Shouldn't both lines print True? (Or at least the same thing..)
https://www.codecademy.com/en/forum_questions/512cd091ffeb9e603b005713
Both equality and the greater than and less than operators have the same precedence in Python. But you're seeing something odd because of how an expression with multiple comparison operators in a row gets evaluated. Rather than comparing the results of previous calculations using its rules of precedence, Python chains them together with and (repeating the middle subexpressions).
The expression 1 > 0 == -1 < 0 is equivalent to (1 > 0) and (0 == -1) and (-1 < 0) (except that each of the repeated subexpressions, like -1 only gets evaluated once, which might matter if it was a function call with side effects rather than an integer literal). Since the middle subexpression is False, the whole thing is False.
In the second version, the parentheses prevent the comparison chaining from happening, so it just evaluates the inequalities independently and then compares True == True which is True.
When I execute in python following code
print(0<5<2)
It gives False as output
but same thing in C++
std::cout<<(0<5<2);
returns True
Why this contradiction?
In Python, 0 < 5 < 2 is equivalent to 0 < 5 and 5 < 2.
In C++, it is equivalent to static_cast<int>(0 < 5) < 2.
The Python shorthand is originally inspired by mathematics, but has been so generalized that you can write really strange stuff, like
>>> 1 < 5 in [2,3,4]
False
>>> 1 < 5 in [2,3,5]
True
and confuse all your friends.
Because they are different language that has different syntax and work differently.
In the case of c++, the statement is evaluated from left to right.
0<5 == true
true < 2, this will trigger an implicit conversion from true to 1
1 < 2 == true, which is the end result
Python has different rules for how the language works.
I don't know them, but clearly they lead to different result in this case.
All comparison operations in Python have the same priority, which is lower than that of any arithmetic, shifting or bitwise operation. Thus "==" and "<" have the same priority, why would the first expression in the following evaluate to True, different from the 2nd expression?
>>> -1 < 0 == False
True
>>> (-1 < 0) == False
False
I would expect both be evaluated to False. Why is it not the case?
Python has a really nice feature - chained comparison, like in math expressions, so
-1 < 0 == False
is actually a syntactic sugar for
-1 < 0 and 0 == False
under the hood.
I thought I read somewhere that python (3.x at least) is smart enough to handle this:
x = 1.01
if 1 < x < 0:
print('out of range!')
However it is not working for me.
I know I can use this instead:
if ((x > 1) | (x < 0)):
print('out of range!')
... but is it possible to fix the version above?

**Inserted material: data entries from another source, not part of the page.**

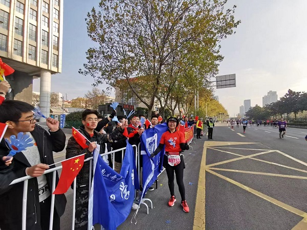 志愿队伍数日的准备,只为南马的一个上午。从选拔志愿者、培训到分工协作,管院师生没有丝毫懈怠。在这个属于南马的早晨,在对外联络处、学院老师的指导下,志愿者们有条不紊地完成计划,布好站点,分发小旗与拍手,全员严阵以待。由于疫情防控要求,今年志愿者们以“啦啦队”的形式为运动员们呐喊助威。天高云淡,和风徐徐,今年的加油方式虽然只有摇旗呐喊,但志愿者们的志愿精神依旧十分饱满。在活动过程中,选手们对我们最大的认可就是真诚的微笑和高扬的大拇指。其中一幕颇为动人:一位选手高喊:“南邮!”志愿者们异口同声地高喊道:“加油!”这就是柚子们共同的声音。当校党委常委、总会计师姜小舜、“跑马团第一人”——地生院党委副书记张建平、87级校友中国移动通信公司市场部经理张东、90级校友钱峒颢、99级校友侯峰等“南邮跑将”经过新模范马路路段时,志愿者们为之雀跃高呼“中国加油!南邮威武!”,手中的旗帜仿佛万古的祥云,双手拍响的是选手们的志气、毅力,更是南邮人的博爱、热情。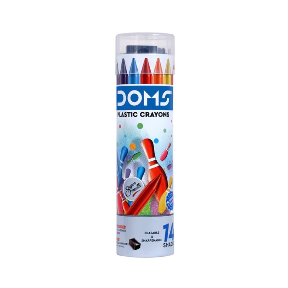 Experience vibrant and smooth coloring with DOMS Plastic Crayons. This set of 14 gives you a wide range of colors to choose from for your artwork. The durable plastic material allows for easier sharpening and longer lasting use, making it a great choice for artists and students alike.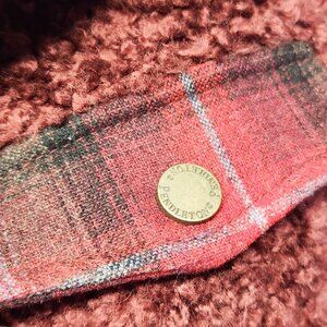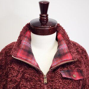 Pendleton Hi-Pile Fuzzy Sherpa Full Zip Fleece Jacket Maroon Plaid Trim Womens L
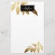 Here's a lovely, option for your home office stationery. The design features your monogram initial in white together with your first or last name over black. This information is complemented by a faux gold foil botanical leaf foliage at the top and bottom of the of the paper. Quite an elegant, trendy look. If you have a design question or would like to see this design on another product, please feel free to contact me at jschmidtdesignworks@gmail.com. Design © Judith Schmidt.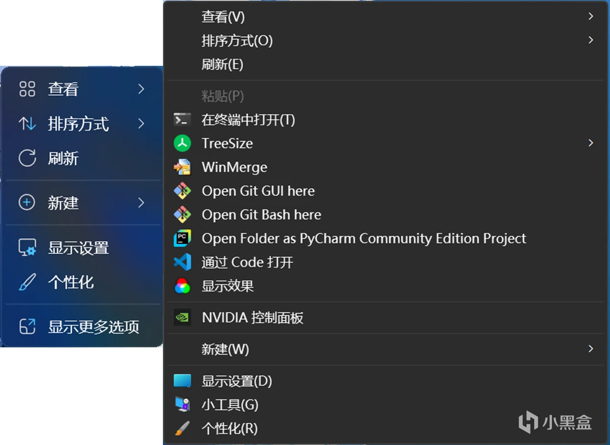 原生右键菜单展开前后对比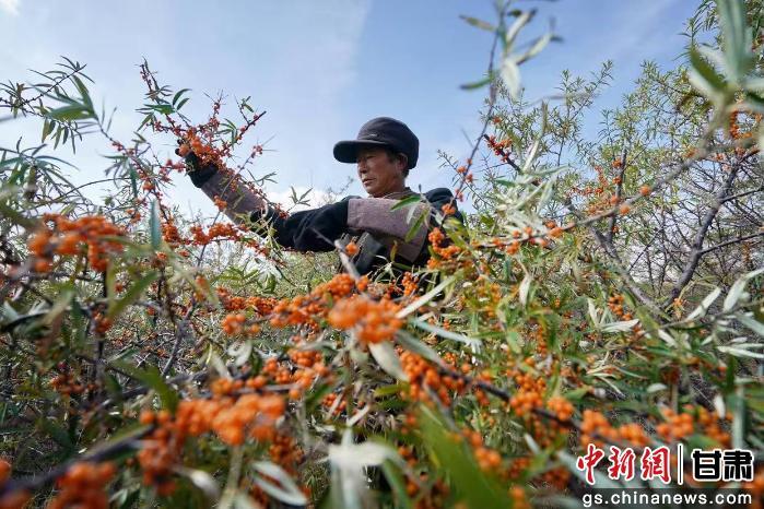 中新网甘肃新闻11月12日电 (后爱萍)每到沙棘成熟的时节,定西市漳县的群山便被一抹耀眼的金色点亮。漫山遍野的沙棘树缀满沉甸甸的果实,在枝叶间折射出璀璨光泽,一幅丰收盛景在天地间铺展,令人心醉神迷。这片郁郁葱葱的沙棘林总面积达30万亩,其中挂果面积25万亩,厚重的生态基底让漳县当之无愧加冕“中国沙棘之乡”的美誉。

It works well, it is your expression that is always False; try this one instead:
x = .99
if 1 > x > 0:
print('out of range!')
Python chained comparisons work like mathematical notation. In math, "0 < x < 1" means that x is greater than 0 and less than one, and "1 < x < 0" means that x is greater than 1 and less than 0.
And. Not or. Both conditions need to hold.
If you want an "or" , you can write one yourself. It's or in Python, not |; | is bitwise OR.
if x > 1 or x < 0:
whatever()
Alternatively, you can write your expression in terms of "and":
if not (0 <= x <= 1):
whatever()
You can do it in one compound expression, as you've already noted, and others have commented. You cannot do it in an expression with an implied conjunction (and / or), as you're trying to do with 1 < x < 0. Your expression requires an or conjunction, but Python's implied operation in this case is and.
Therefore, to get what you want, you have to reverse your conditional branches and apply deMorgan's laws:
if not(0 <= x <= 1):
print('out of range!')
Now you have the implied and operation, and you get the control flow you wanted.